Yes - economists call this time inconsistency.  And I think experience shows the weakness of looking at the world in terms of people being pure rational calculators.  I believe one needs to make a judgement about the people involved and their motivations and character.  Ultimately you cannot protect yourself against opportunistic behaviour through contracts (although they can help).  So one needs to assess track record in terms of what it indicates about character.  Economists define opportunistic behaviour as self-seeking with guile - if that is the case here, they are going about it in a strange way for such highly intelligent people ;)

And to Don:

> Thanks! Yes, I think that larger data sets are not well served by existing languages. And ease of handling large data is actually more significant than raw performance. Domains like ours are at least as much I/O bound as CPU-bound, and ability to adapt rapidly is very important.

We had a discussion about this in London at drinks after the meetup.  The chap who I was talking with was a very highly experienced developer who came from a C++/C/F# background, ex MS research, and was writing his own functional language.  He took the position that this kind of argument in favour of native code was in many cases spurious, since one could simply scale up at low cost in the cloud (paying due regard to the difficulties of parallelisation).

I found your talk very interesting, and would love to see a piece explaining from a technical perspective more on what you discuss above.  But of course you must have very little time, and I doubt this comes at the top of your todo list!

> Perhaps Berlin chose the company, rather than the other way around :)
> The companies' founders all grew up in East Germany, I think they were just living in Berlin.
> But, there are a huge number of startups in Berlin. It's a place with great infrastructure, low costs, and available talent. So it's certainly an attractive place to launch a startup.

Aha.  Thanks for the colour.  I think if I spoke German and the regulatory environment were a bit more favourable for finance I would be there now.  The quality of life, whether you are single or have a family, certainly beats London.

> The thing that is frustrating is when decisions are made as if we were much further along the adoption/disruption cycle, than where we actually are.
> We don't yet have huge, inflexible users that demand stability at all costs.
> There was widespread agreement on this, from all of the eight companies at DConf who were using D commercially.

Very interesting to hear.  It is an interesting dynamic where the forum discussion is not necessarily representative of all the constituencies involved.  Companies don't tend to hang out in forums, and its a different way of operating to do things in the open from how things are typically done in business.  I haven't yet earned the right to have an opinion on the topic.

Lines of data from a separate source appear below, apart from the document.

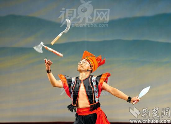 湖北省来凤县土家族农民向前和经过40多年的悉心钻研和自我挑战,利用砍刀、尖刀、菜刀、斧头等四种不同的利器,将“三棒鼓”的刀技表演与土家人民生产、生活中的动作相结合,创造了一项独特的飞刀绝技,其动作优美、惊险、刺激,让观众惊呼叫绝的同时,也给自己带来了可观的收益。
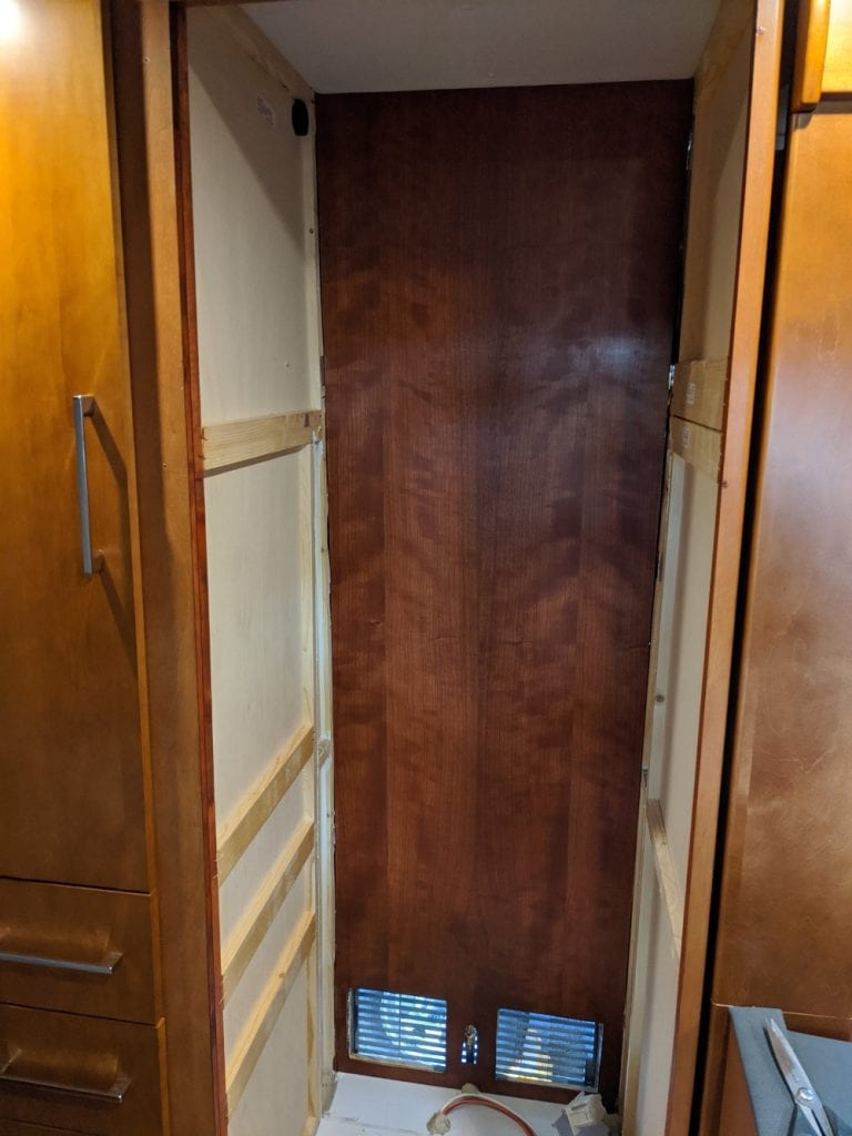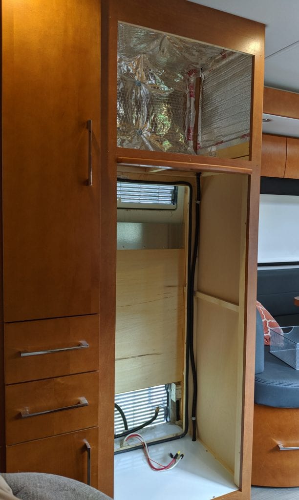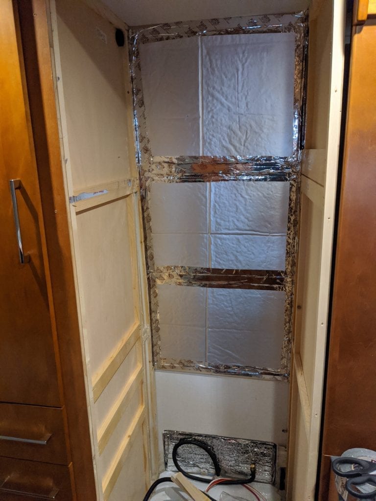 The next step is to add some more insulation on the back wall and totally seal off the vents. Since we won’t be burning propane anymore its very important that we provide the compressor with air from the RV, not from the outside.
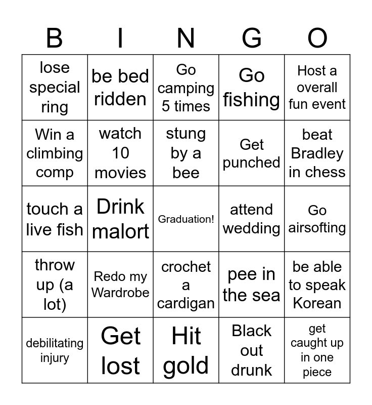 This bingo card has a free space and 24 words: Redo my Wardrobe, Get lost, stung by a bee, debilitating injury, Host a overall fun event, lose special ring, Win a climbing comp, be bed ridden, attend wedding, crochet a cardigan, Get punched, touch a live fish, pee in the sea, be able to speak Korean, watch 10 movies, Black out drunk, Go airsofting, Go camping 5 times, beat Bradley in chess, Drink malort, get caught up in one piece, throw up (a lot), Go fishing and Hit gold.
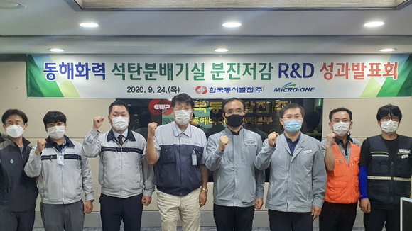 동서발전은 24일 동해바이오화력본부(강원도 동해시 소재)에서 공동연구개발 협력사인 ㈜마이크로원과 ‘발전소 석탄분배기실 분진 저감 연구개발 과제 성과발표회’를 열었다.

>> Breaking changes aside, one can't say there isn't a sustained dynamism to the development of D.
>
> Yes. Though I wonder if we are putting too much emphasis on being a replacement for C++; I fear that the better we become at replacing it, the more we will duplicate its problems. But that's just a niggling doubt rather than a well-reasoned belief.

Or on this one so much ;). I suppose one never truly wins the fight against entropy in all its disguises, but it is encouraging to see the people involved certainly are aware of the risk, and recent discussion over the risks of runaway language extension fit this idea.

Thanks for your thoughts - I appreciate your taking the time.